▶ [Data extract]
____________________

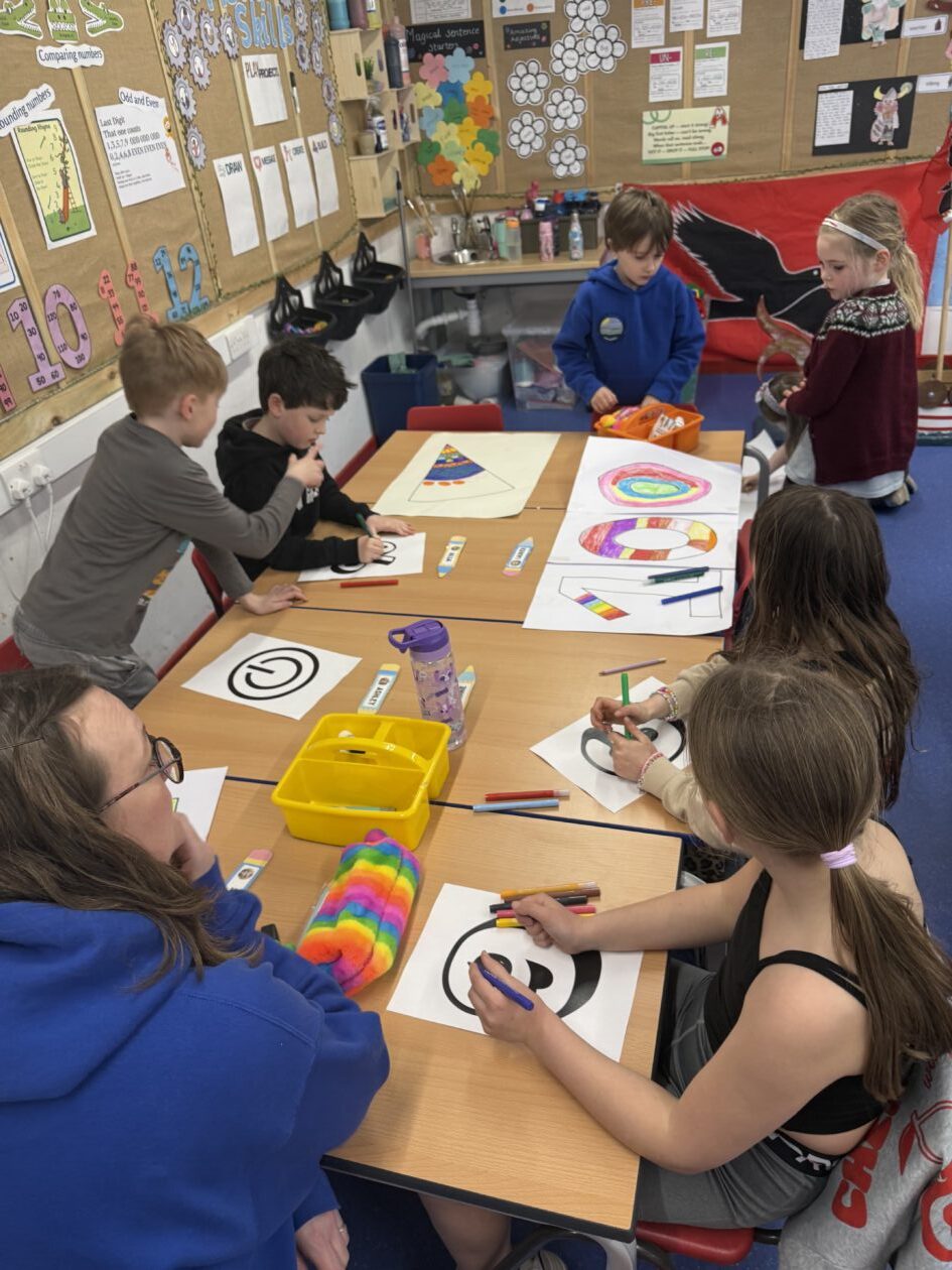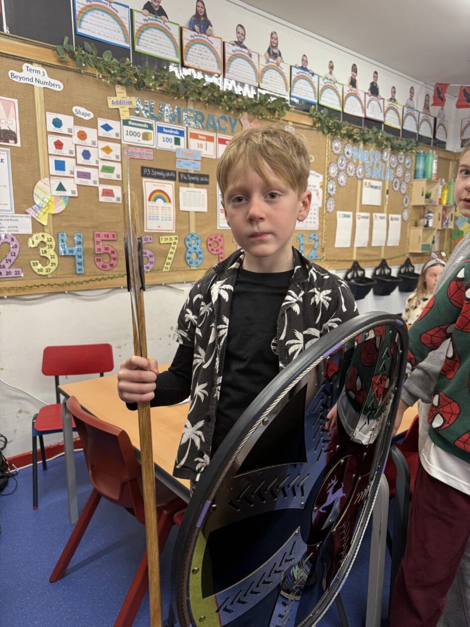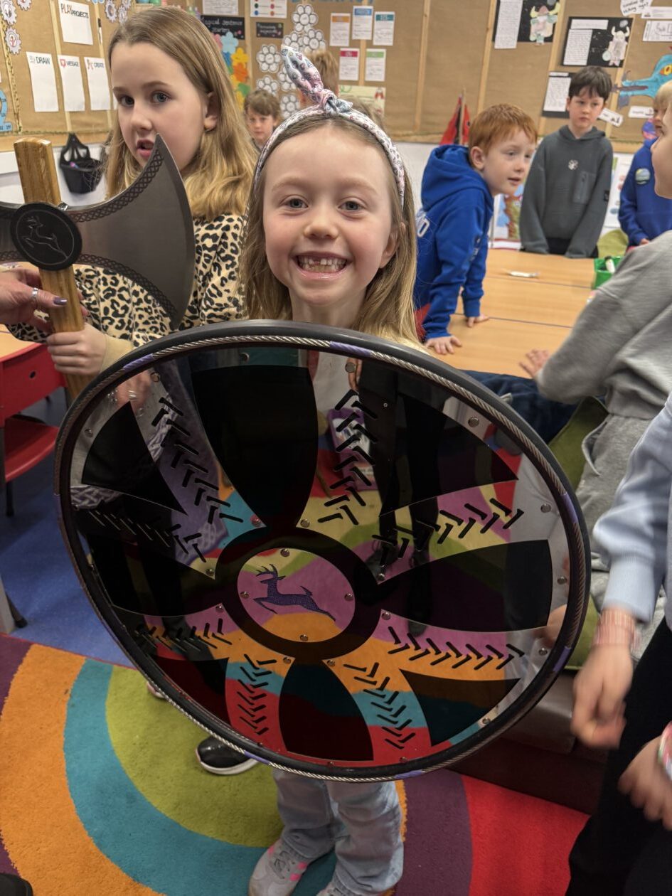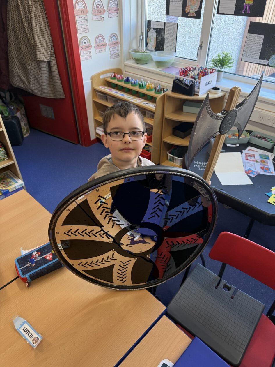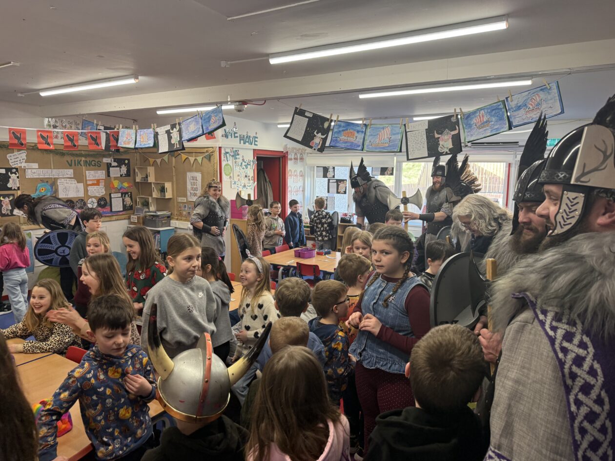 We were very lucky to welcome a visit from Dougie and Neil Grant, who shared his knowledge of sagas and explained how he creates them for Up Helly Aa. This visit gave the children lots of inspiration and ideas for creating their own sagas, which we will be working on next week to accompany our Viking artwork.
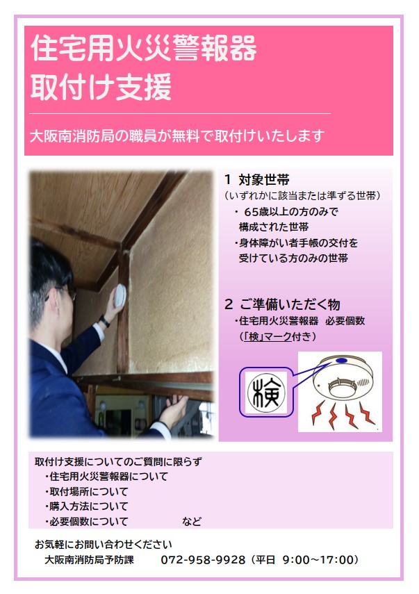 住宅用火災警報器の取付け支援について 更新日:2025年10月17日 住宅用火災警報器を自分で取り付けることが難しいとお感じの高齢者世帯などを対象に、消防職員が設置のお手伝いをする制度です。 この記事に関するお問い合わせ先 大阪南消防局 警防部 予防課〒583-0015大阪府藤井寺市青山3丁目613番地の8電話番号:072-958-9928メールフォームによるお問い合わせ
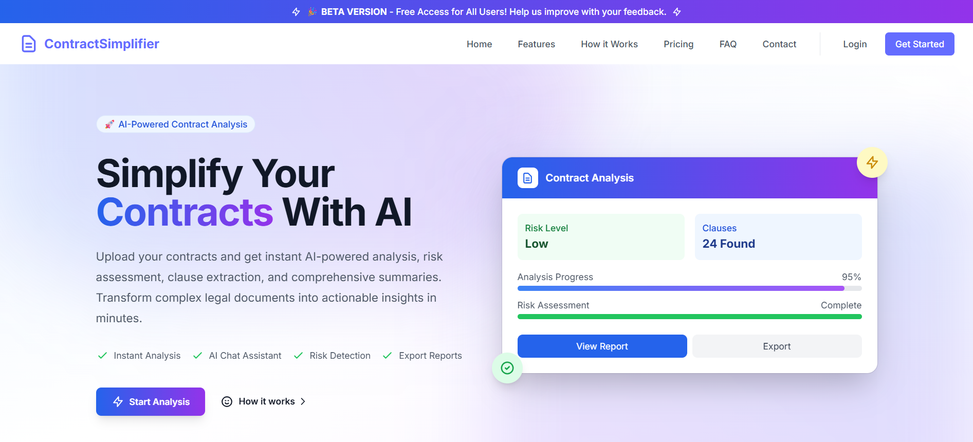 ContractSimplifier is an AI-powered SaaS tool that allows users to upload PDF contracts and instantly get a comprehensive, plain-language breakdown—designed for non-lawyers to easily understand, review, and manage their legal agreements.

____________________

Nothing but an exact copy of the data, without its images, should make up your answer.

▶ [Solved exercise]
 We were very lucky to welcome a visit from Dougie and Neil Grant, who shared his knowledge of sagas and explained how he creates them for Up Helly Aa. This visit gave the children lots of inspiration and ideas for creating their own sagas, which we will be working on next week to accompany our Viking artwork.
 住宅用火災警報器の取付け支援について 更新日:2025年10月17日 住宅用火災警報器を自分で取り付けることが難しいとお感じの高齢者世帯などを対象に、消防職員が設置のお手伝いをする制度です。 この記事に関するお問い合わせ先 大阪南消防局 警防部 予防課〒583-0015大阪府藤井寺市青山3丁目613番地の8電話番号:072-958-9928メールフォームによるお問い合わせ
 ContractSimplifier is an AI-powered SaaS tool that allows users to upload PDF contracts and instantly get a comprehensive, plain-language breakdown—designed for non-lawyers to easily understand, review, and manage their legal agreements.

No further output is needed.